GPU based Position Based Dynamics for Surgical Simulators

Abstract

Position Based Dynamics is the most popular approach for simulating dynamic systems in computer graphics. However, volume rendering with linear deformation times is still a challenge in virtual scenes. In this work, we implemented Graphics Processing Unit (GPU)-based Position-Based Dynamics to iMSTK, an open-source toolkit for rapid prototyping interactive multi-modal surgical simulation. We utilized NVIDIA’s CUDA toolkit for this implementation and carried out vector calculations on GPU kernels while ensuring that threads do not overwrite the data used in other calculations. We compared our results with an available GPU-based Position-Based Dynamics solver. We gathered results on two computers with different specifications using affordable GPUs.
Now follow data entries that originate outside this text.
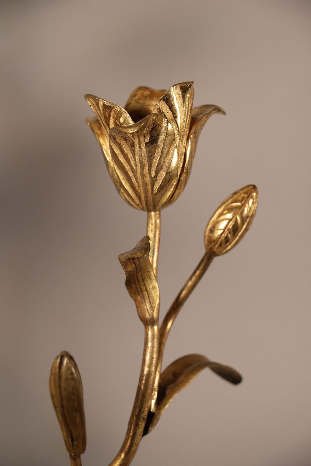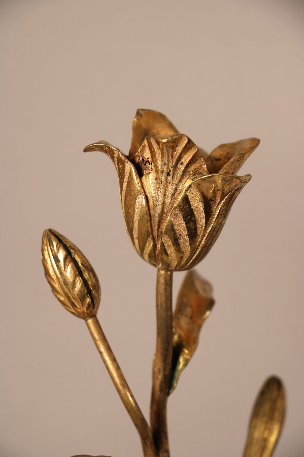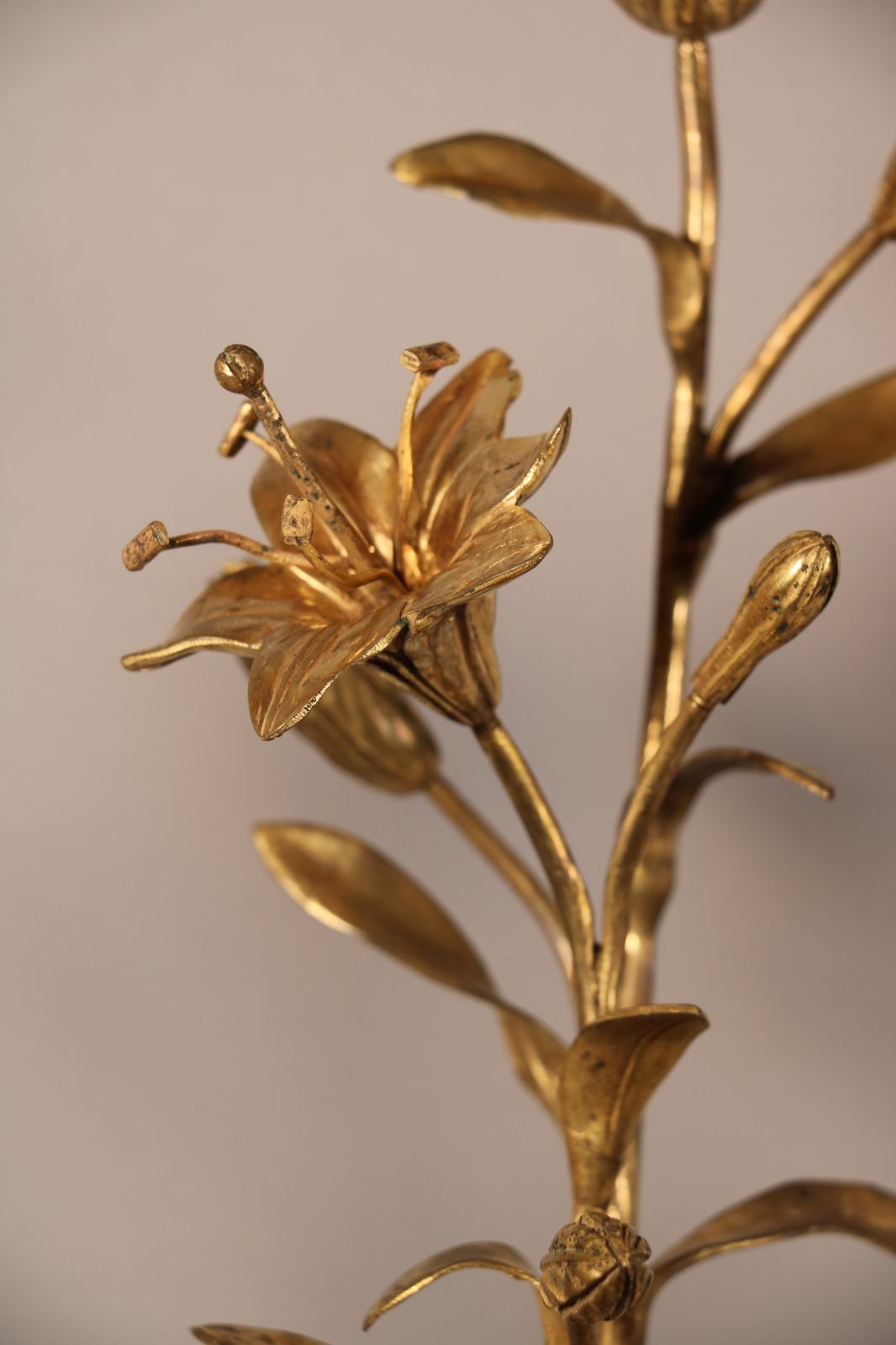 Paire de candélabres à trois bras de lumière en forme de vase garni de tulipes et d’un lys. Le vase balustre est composé d’une panse en verre bleu, d’un piédouche, de deux anses torsadées et d’un col en bronze doré. Trois des branches de tulipes forment les bras de lumière. Au centre, la dernière branche est une fleur de lys plus épanouie. Dès 1760, les premiers candélabres lys apparaissent. Les branches sont parfois tenues par des putti ou des figures féminines. Ici, un vase balustre en verre accueille les fleurs. La forme du vase à l’antique, le jeu entre les matériaux contrastés (verre, bronze, marbre), l’usage de marbre blanc de Carrare permettent de dater cette paire de l’époque Louis XVI et plus précisément des années 1780. Restaurations d’usage et d’entretien. H. 53 x L. 29 x P. 16 cm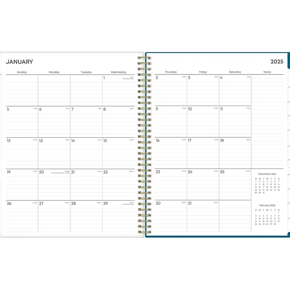 - Features one month per two pages and one week per two pages with space for notes and quick reference calendars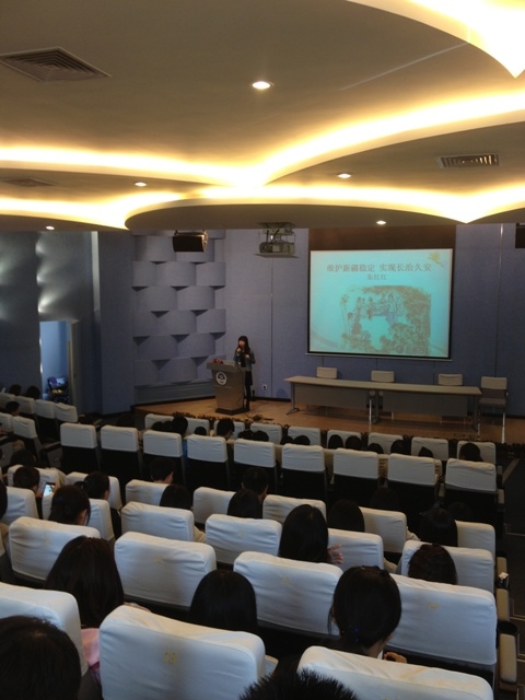 在讲座中,朱红红老师先与同学们进行了互动,让同学们说说由新疆联想到的东西,同学们积极发言,氛围很活跃。接着朱老师向我们简单介绍了新疆,然后以“新疆稳定形势不容乐观”“全面认识新疆工作取得的成绩”、“正确理解新疆工作的总目标”以及“围绕新疆工作的总目标,我们该怎么做”四个方面向我们具体介绍了新疆目前的政治形势以及解决新疆问题的政策。在这其中朱老师还向同学们简要叙述了由新疆恐怖分子引发的各种暴恐案,让同学们正确认识宗教信仰,了解民族团结的重要性。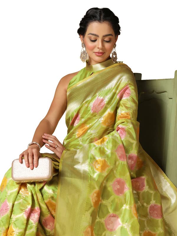 Sidhidata Women's Temple Border Kota Doria Cotton Manipuri Saree With Unstiched Blouse Piece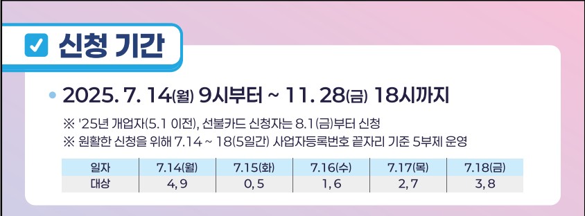 - 2025년 5월 1일 이후 개업자는 8월 1일부터 신청 가능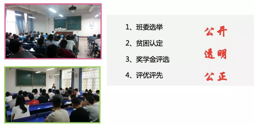 班委选举、贫困认定、奖学金评选、评优评先,班主任做到公开、透明、公正。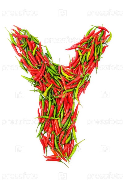 Буква 'Y' из красного и зеленого перца чили на белом фоне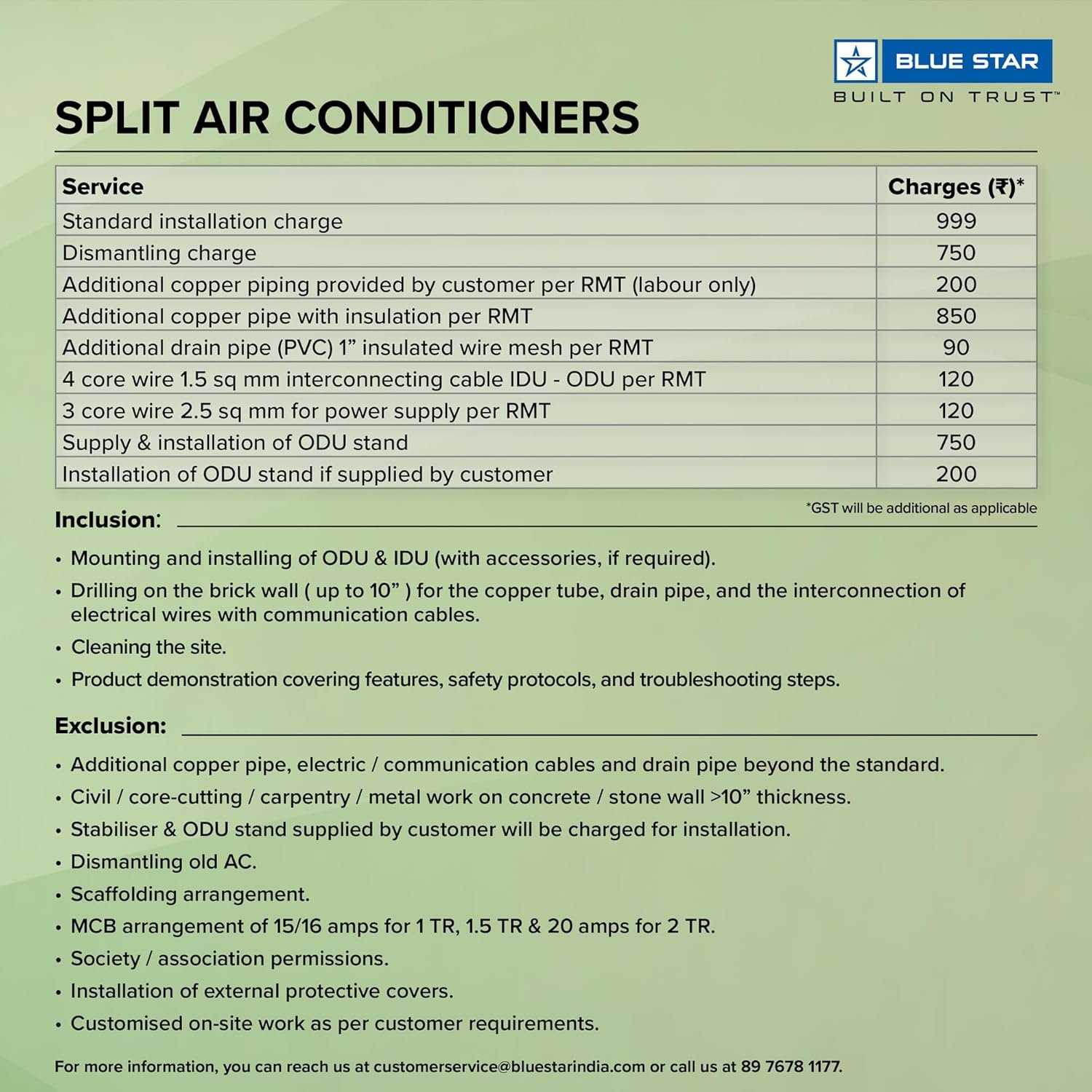Smart Ready: The AC is ready to be operated* using Blue Star’s Smart App and through Voice Command using Amazon Alexa or Google Home *To operate through Smart App or Voice Command, user has to pay an additional charge to convert the AC into Smart AC completely.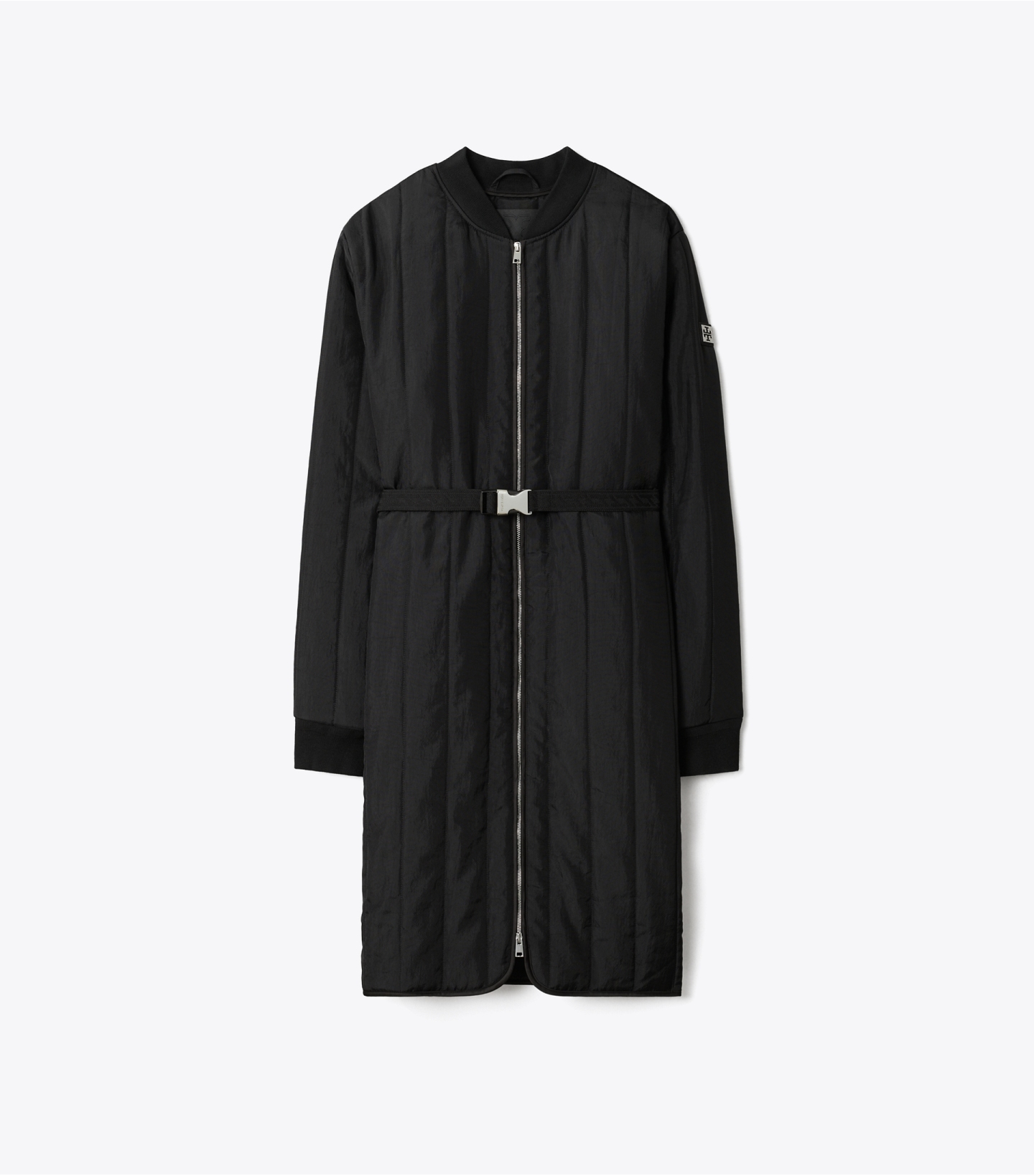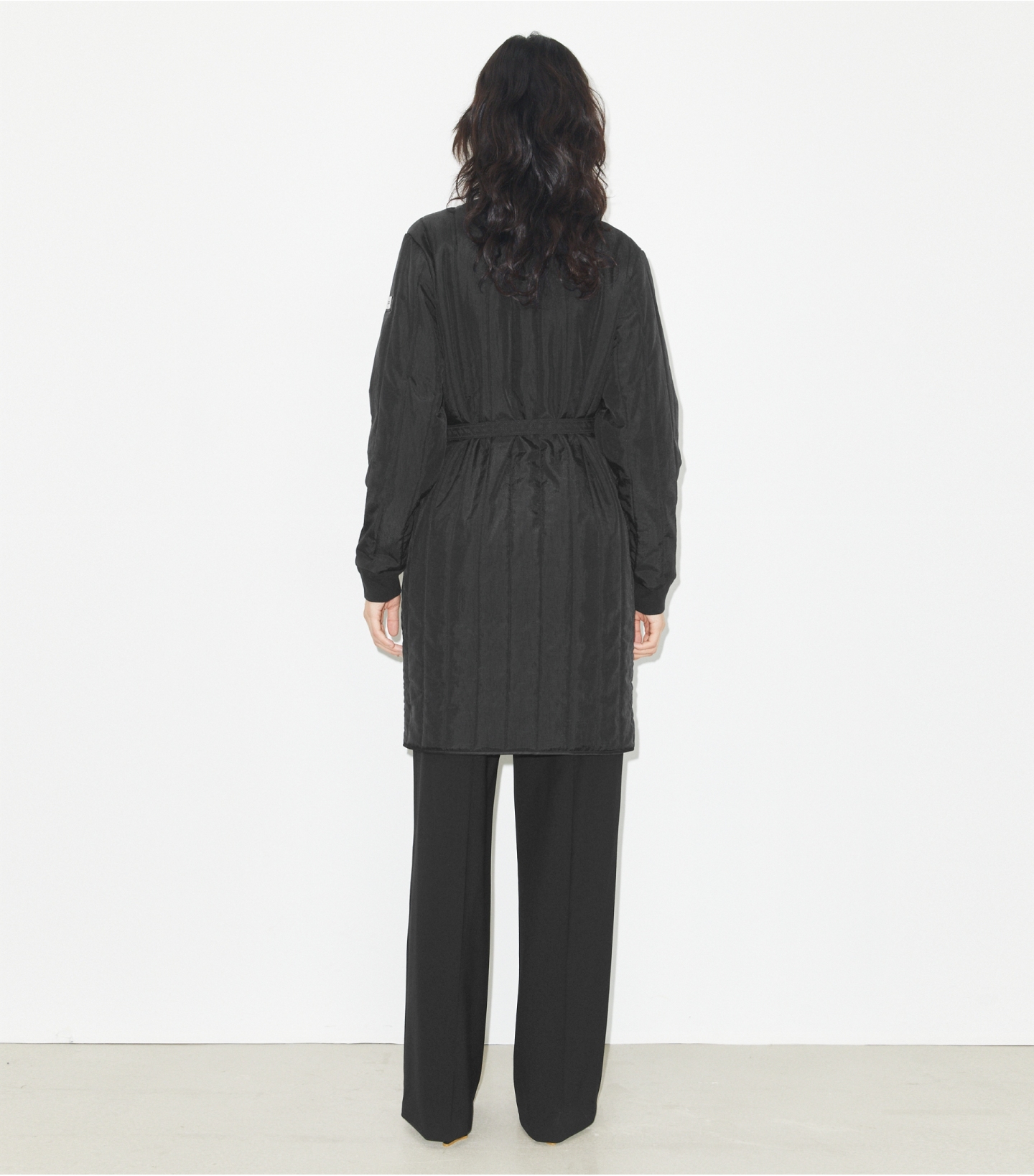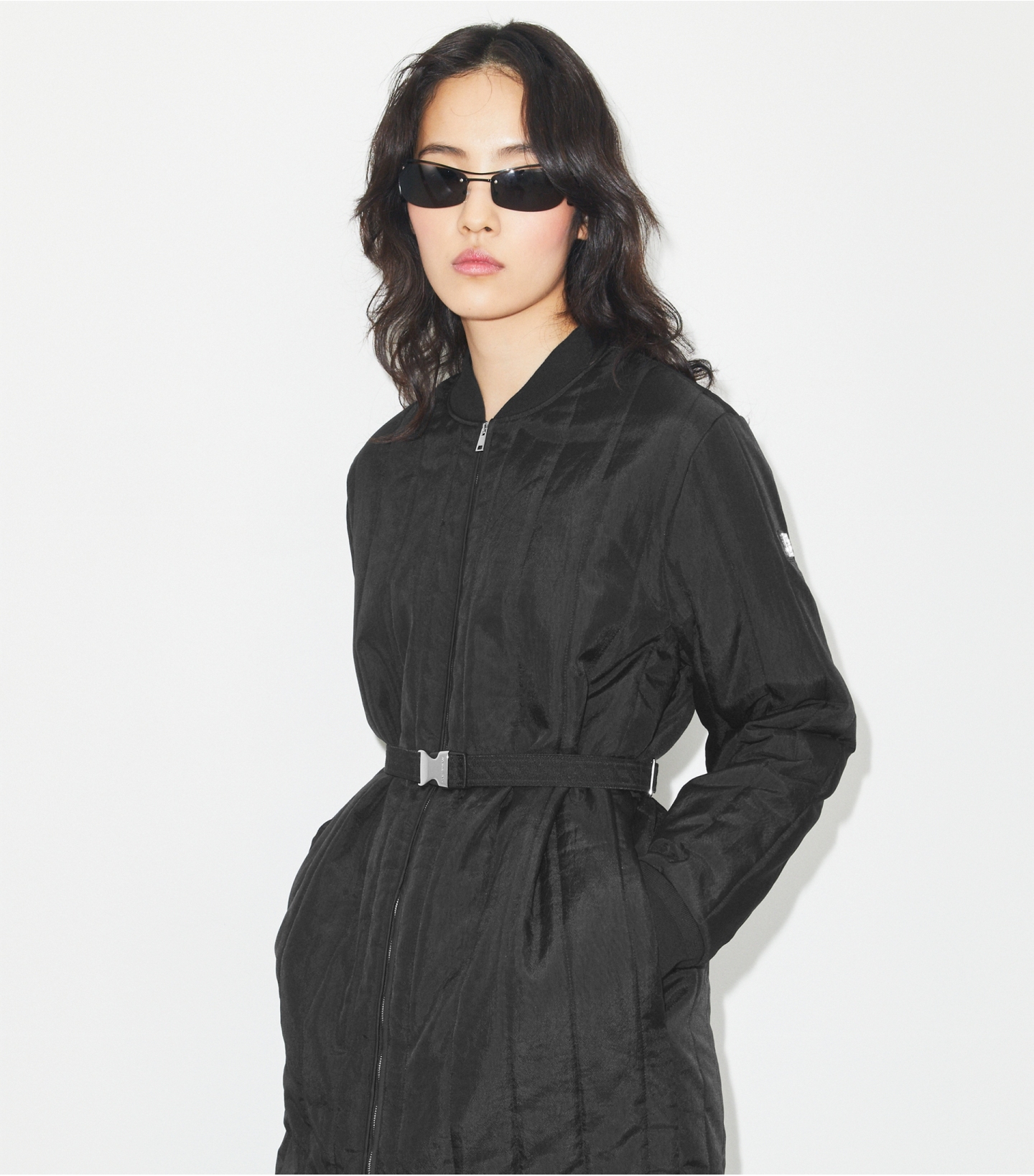 这款飞行员夹克,焕新演绎为及膝长款外套。采用宽松垂坠感剪裁和温暖绗缝结构。正面设有插手袋,配备全长双向拉链,可拆卸弹力腰带配有快速搭扣,增添运动时尚感。
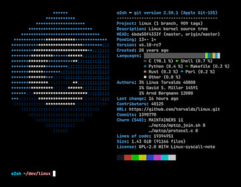 Onefetch can be customized via command-line options to display exactly what you want, the way you want it: adjust the text styling, disable info lines, ignore files and directories, output in multiple formats (JSON, YAML), etc.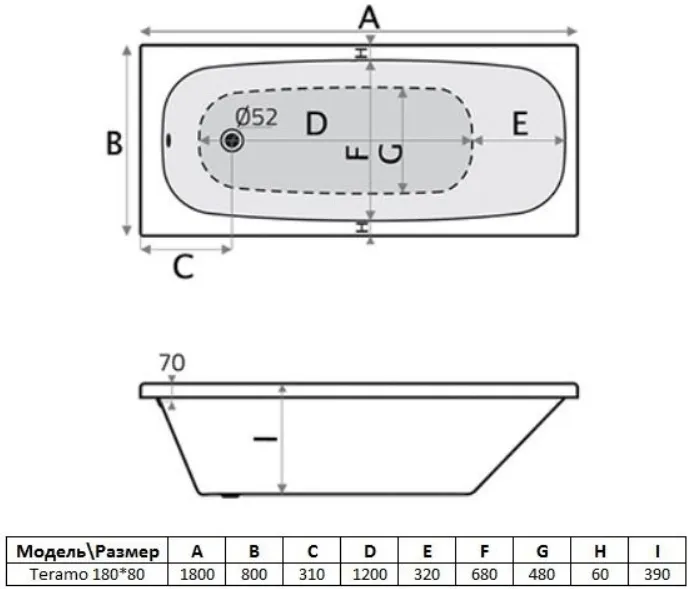 Характеристики товара Ванна акриловая Toni Arti Teramo PL 180х80 TA-T18075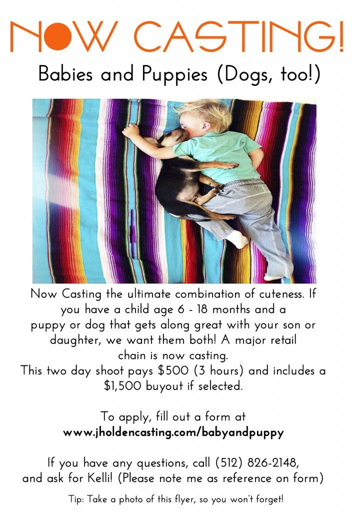 Now Casting the ultimate combination of cuteness. If you have a child age 6 – 18 months and a puppy or dog that gets along great with your son or daughter, we want them both! A major retail chain is now casting.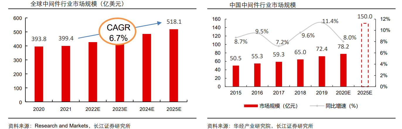 2020-2025 年中国中间件市场的 CAGR 为 13.9%,高于全球市场。全球方面,据Research and Markets 的研究,受疫情影响,2021 年全球中间件行业的市场规模为399.4 亿美元,较去年仅增长 1.4%。预计 2025 年市场规模将增长至 518.1 亿美元,2022-2025 年 CAGR 为 6.7%。中国方面,据华经产业研究院统计,2020 年我国中间件行业的市场规模约为 78.2 亿元,同比增长 8.0%,近年来市场增速基本保持在 8%左右。在云计算、区块链等技术革新,以及信创战略持续推进的催化下,预计 2025 年市场规模有望达到 150 亿元,2020-2025 年 CAGR 为 13.9%,明显高于全球市场。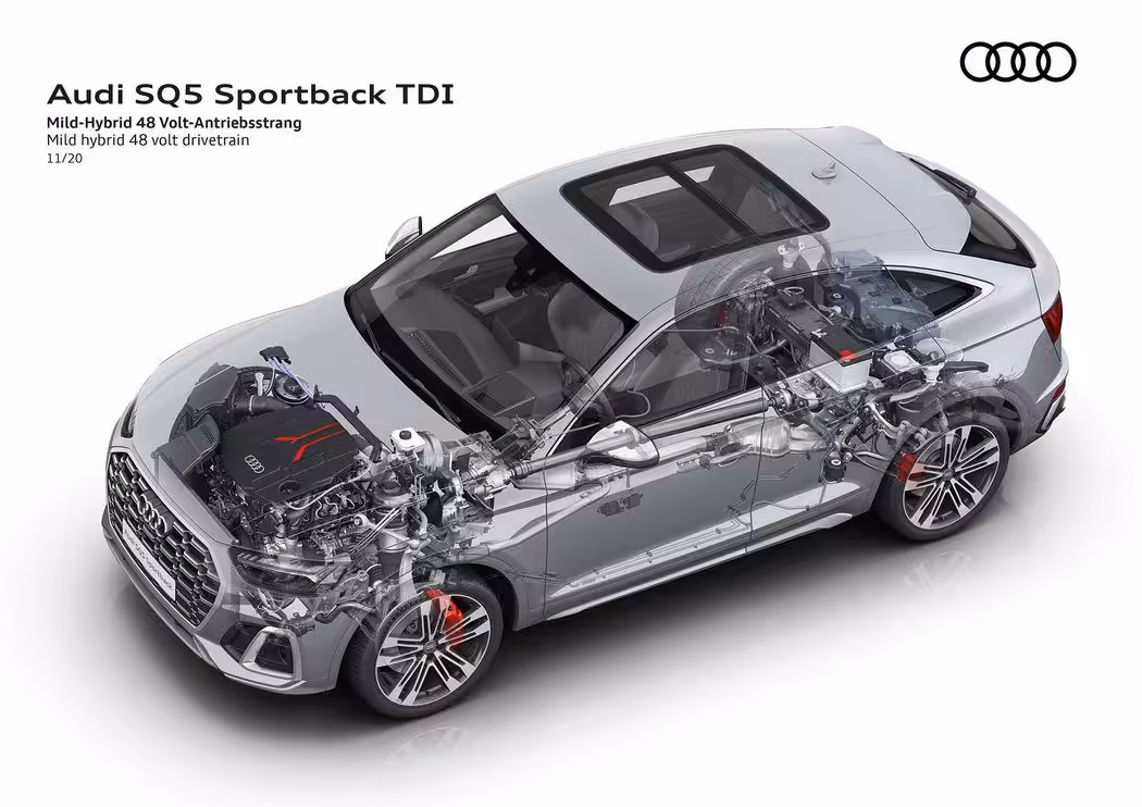Agregát 3.0 TDI je dobre známym motorom. V tomto prípade však ide o inovovanú verziu, kde automobilka upravila niekoľko motorových komponentov. Motor je vybavený dvoma systémami , ktoré prospievajú k zníženiu spotreby a zlepšujú reakcie motora. Systém mild hybrid dokáže pri spomaľovaní rekuperovať energiu až do 8kw.Vďaka tomu môže športové SUV dobiehať 4O sekúnd s vypnutým motorom, potom výkonný generátor opäť naštartuje motor. Druhým systémom je elektricky poháňaný kompresor, ktorý podporuje turbodúchadlo v prevádzkových režimoch motora. Vďaka tomu motor spontánne reaguje na zmeny polohy akcelerátora aj pri nízkych otáčkach.

The vertex (959 vertices) and tetrahedral mesh element (2591 elements) counts were kept the same for all calculations. Our implementation was able to speed up physics calculations by nearly 10x. For the size of 128x128, the CPU implementation carried out physics calculations in 7900ms while our implementation carried out the same physics calculations in 820ms.

1. Introduction

Position Based Dynamics (PBD) is the most popular approach for simulating dynamic systems in computer graphics [1]. Utilizing collision constraints to manipulate the positions of points in 3D space allows for simple physics calculations on large models [2]. Attempts to parallelize PBD saw specialized graphs and graph coloring to divide sets of constraints into independent sections, which can provide calculation time decreases of several orders of magnitude [3]. However, large and complex models are still computationally expensive, even with graph coloring. Reduced models can somewhat solve this problem by providing low dimensional copies of the model on which the PBD calculations are run and then projected back to the higher quality, displayed model [4]. As complex PBD models allow for complicated constraints, calculations can be slow on large models. In addition, specialized solvers can cause objects that would otherwise interact with one another to pass through. Utilizing a unified solver function on particle-based simulations allows many different substance types to interact [5].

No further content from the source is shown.